= Jimmy Lewis (surfer) =

Hawaiian Surfer and Surfboard Shaper

Jimmy Lewis is a Hawaiian surfer, sailor and surfboard shaper.

Born in Newfoundland Canada, he moved to Maui when his father was stationed Hawaii. He still lives on Maui where he personally takes care of the research and development of his boards at his workshop on Nehe Place, in Haiku.

At the young age of 15 years he shaped his first surfboard, showing a talent that led him to develop many innovative projects from surfing, to windsurfing, to tow-surfing, to kitesurfing, then on to stand up paddle boards.

In the early 80’s Mike Waltze brought Jimmy Lewis into the limelight as the “shaper” of the moment, winning the "Aloha Classic" with one of Jimmy’s custom windsurf boards.

In 1982 the French windsurfer Pascal Maka broke the speed sailing record on a windsurf board, reaching 27.8 knots, using a board created by Jimmy Lewis specifically for the event.

In 1986, Pascal Maka was the first windsurfer to break the speed sailing record from Timothy Colman's Crossbow II, which had held the record for six years. He reached a speed of 38.86 knots using a Jimmy Lewis board and a sail manufactured by Gaastra. The same day three other athletes broke the record before him: Eric Beale (36.73 knots), Jimmy Lewis (36.31 knots) and Fred Haywood (36.13).

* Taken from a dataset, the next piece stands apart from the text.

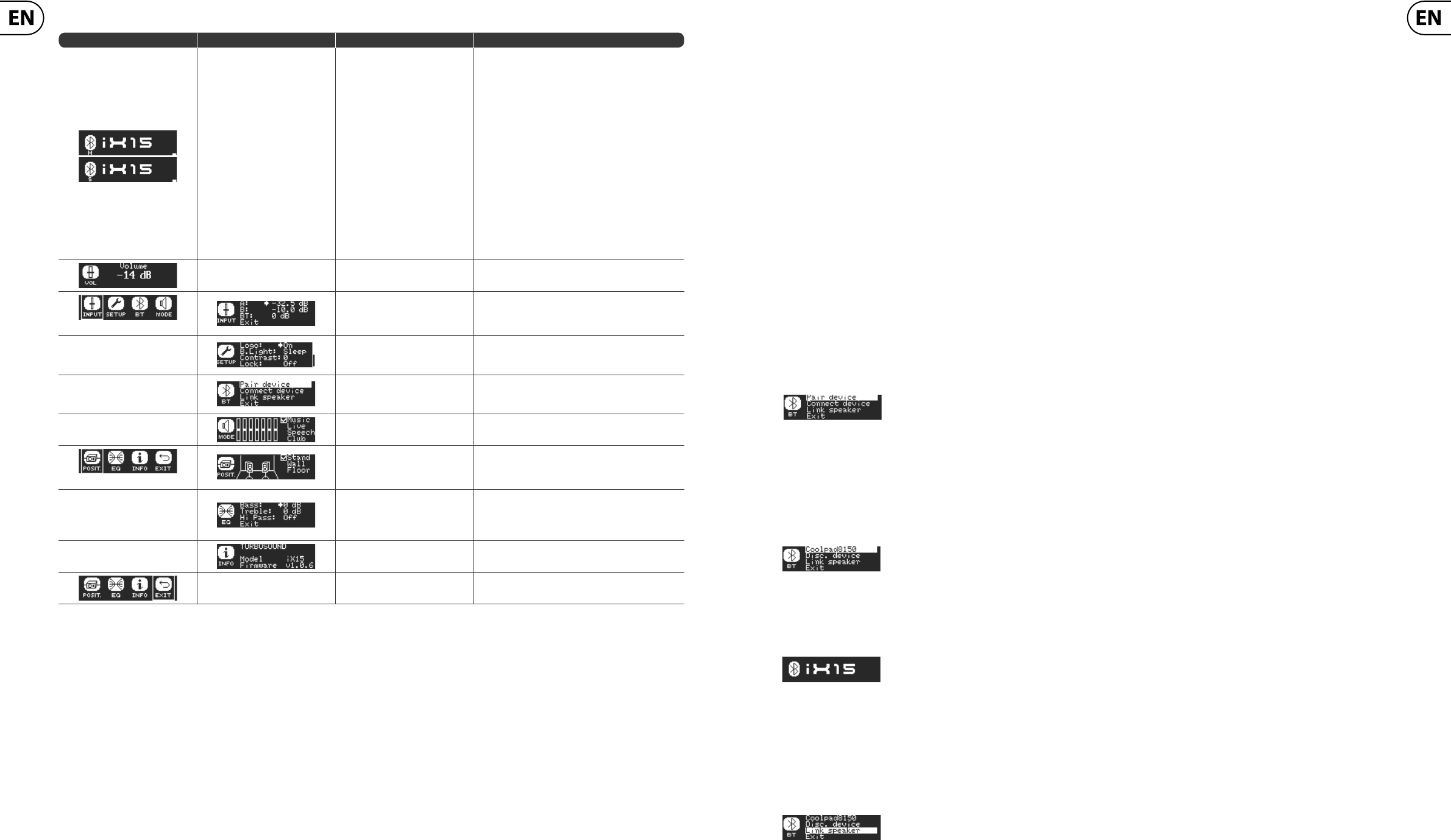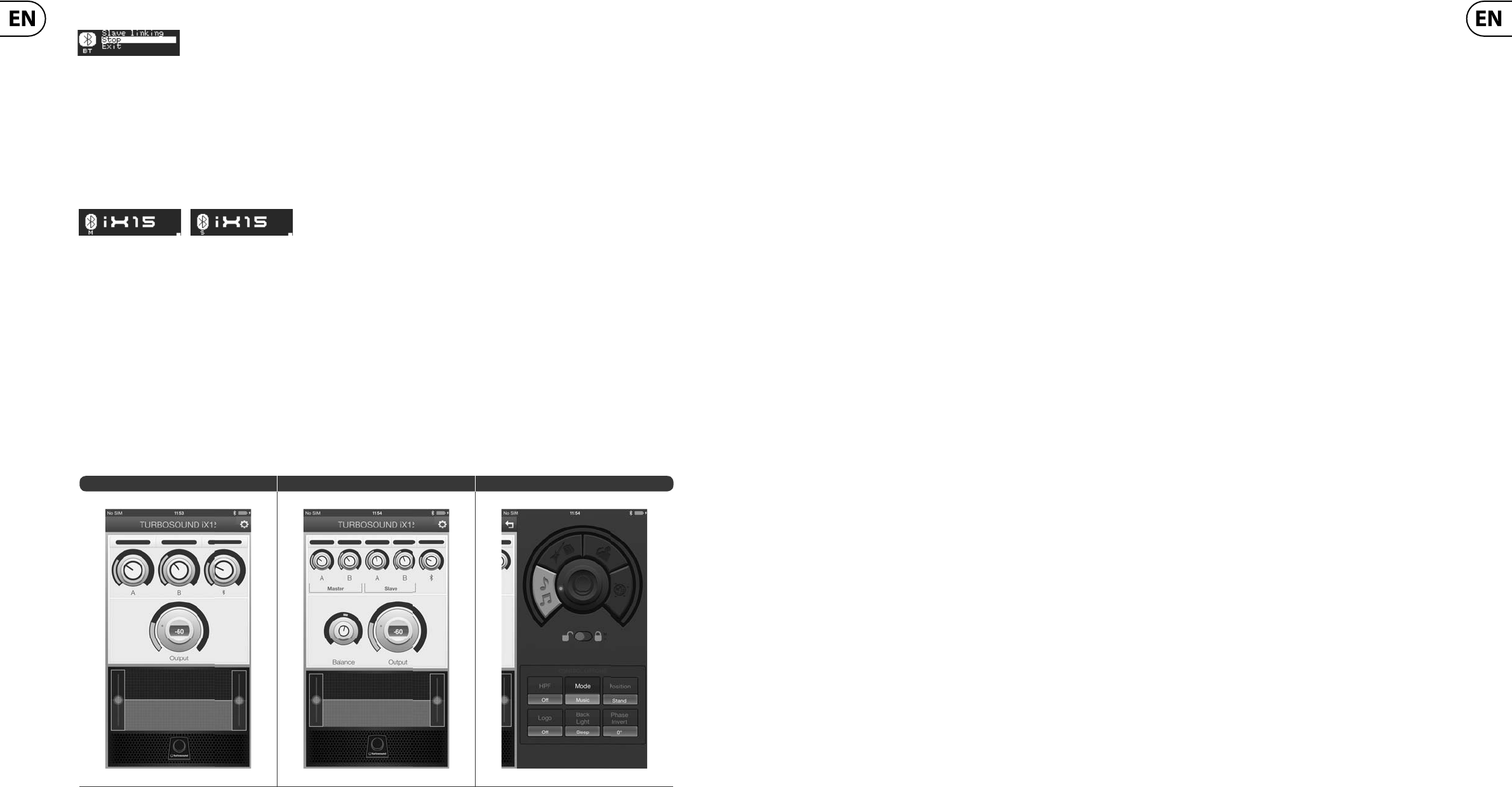 Main Page (1 speaker) Main Page (2 speakers linked) Settings/EQ Page

During the 1990s he began his collaboration with Bic and Sailboards Maui, developing models of commercial success. He also worked with Windsurfing International designing plugs for production boards, including the Windsurfer 99, among others.

Then, around 1995, with Lou Wainman, a famous pioneer of kite surfing, he developed the first bidirectional board completely innovating the sport.

In 2005 his interest in stand up paddle (SUP) began to grow, and he quickly became one of the protagonists of this new discipline shaping the first prototypes for Laird Hamilton. The Jimmy Lewis Cruise Control 11'0.7 is still in production and is the most sold stand up paddle board in the world.

The Jimmy Lewis board is built in the Kinetic factory in Vietnam, using a sandwich-structured composite. Jimmy Lewis claims that the manufacturing is done almost exactly the same way as he builds boards on Maui using the same materials and techniques and with the same care and attention to detail.

The kiter Niccolò Porcella, the SUP racer Paul Marconi, and his son (not an ASP Pro) Marlon Lewis are among his athletes using his boards.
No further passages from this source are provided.